Winner of the Pushkin House Russian Book Prize
Winner of the University of Southern California Book Prize
Honorable Mention, Reginald Zelnik Book Prize


“Fascinating and perceptive.”
—Antony Beevor, New York Review of Books

“Stand aside, Homer. I doubt whether even the author of the Iliad could have matched Alexis Peri’s account of the 872-day siege which Leningrad endured.”
—Jonathan Mirsky, The Spectator

“Powerful and illuminating…A fascinating, insightful, and nuanced work.”
—Anna Reid, Times Literary Supplement

“Much has been written about Leningrad’s heroic resistance. But the remarkable aspect of [Peri’s] book is that she tells a very different story: recounting the internal struggles of ordinary people desperately trying to survive and make sense of their fate.”
—John Thornhill, Financial Times

“A sensitive, at times almost poetic examination of their emotions and disordered mental states.

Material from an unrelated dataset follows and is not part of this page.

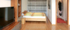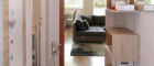 Auch offen der Schlafbereich, eine Nische, ganz leicht zu trennen vom Wohnbereich – aber es hat schon was Besonderes, diese Großzügigkeit des Raumes. Dahinter gut versteckt eine praktische Schrankwand, verbirgt Ihre gesamte Garderobe.
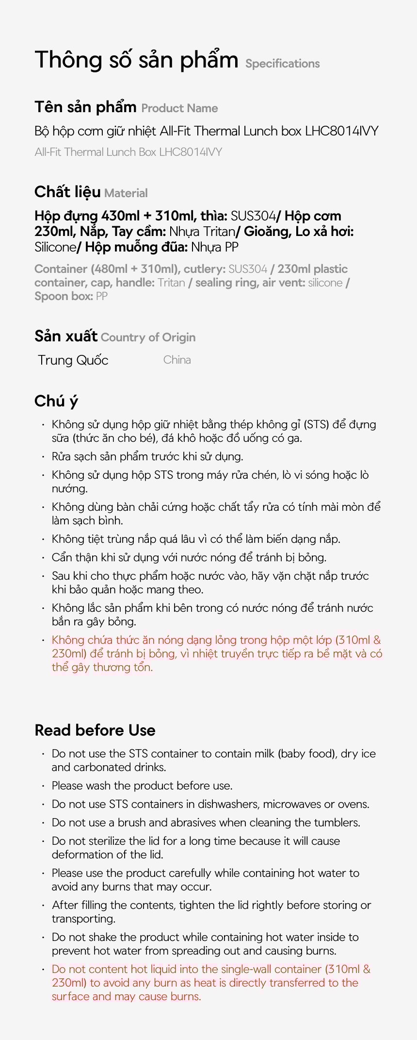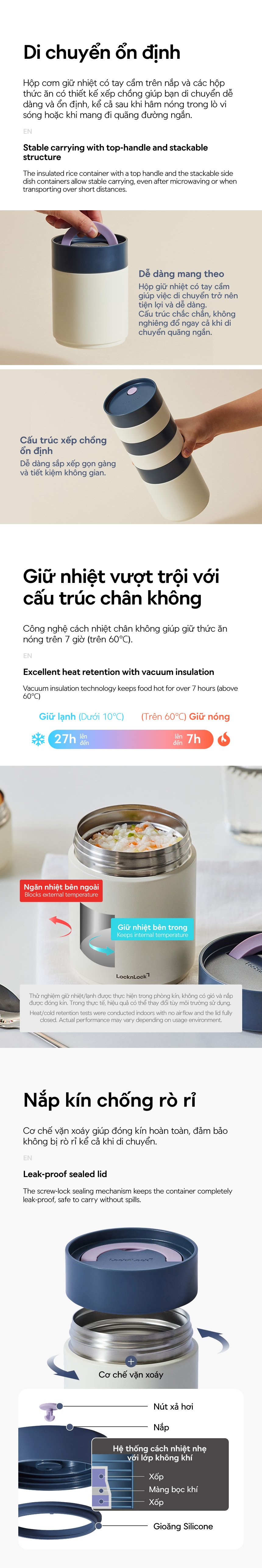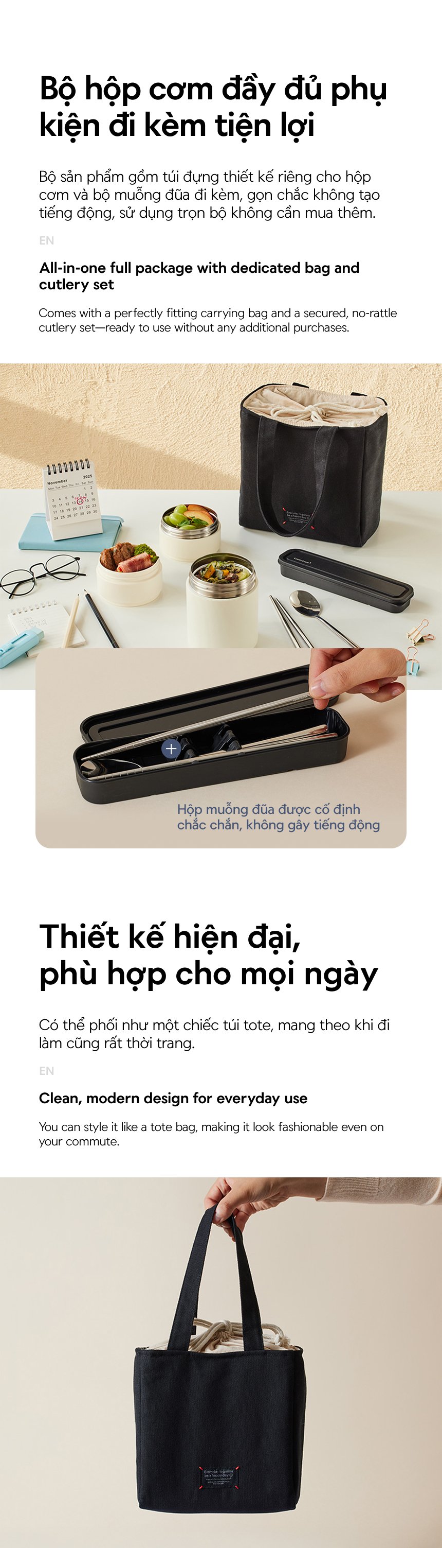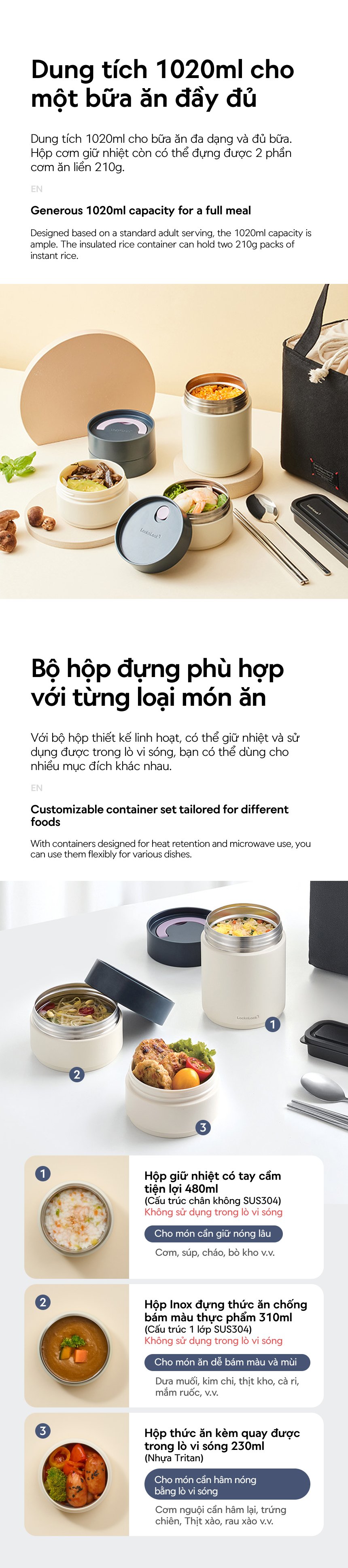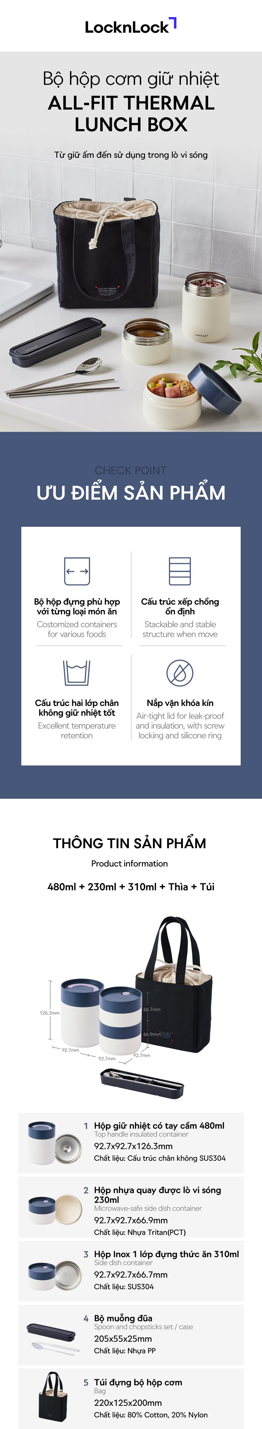 Bộ hộp cơm giữ nhiệt LocknLock All-Fit Lunch Box (230ml*1, 310ml*1, 480ml*1, bộ đũa và thìa, túi) - LHC8014IVY

It both contrasts with and complements the equally accurate official Soviet portrait of a stalwart population standing firm in the face of evil and in defense of Soviet ideals.”
—Robert Legvold, Foreign Affairs

In September 1941, two and a half months after the Nazis invaded the Soviet Union, the German Wehrmacht encircled Leningrad. Cut off from the rest of Russia, the city remained blockaded for 872 days, at a cost of almost a million lives. It was one of the longest and deadliest sieges in modern history.

The War Within chronicles the Leningrad blockade from the perspective of those who endured it. Drawing on unpublished diaries, Alexis Peri tells the tragic story of how young and old struggled to make sense of a world collapsing around them. When the blockade was lifted in 1944, Kremlin officials censored publications describing the ordeal and arrested many of Leningrad’s wartime leaders. Some were executed. Diaries—now dangerous to their authors—were concealed, shelved in archives, and forgotten. The War Within recovers these lost accounts, shedding light on one of World War II’s darkest episodes while paying tribute the resilience of the human spirit.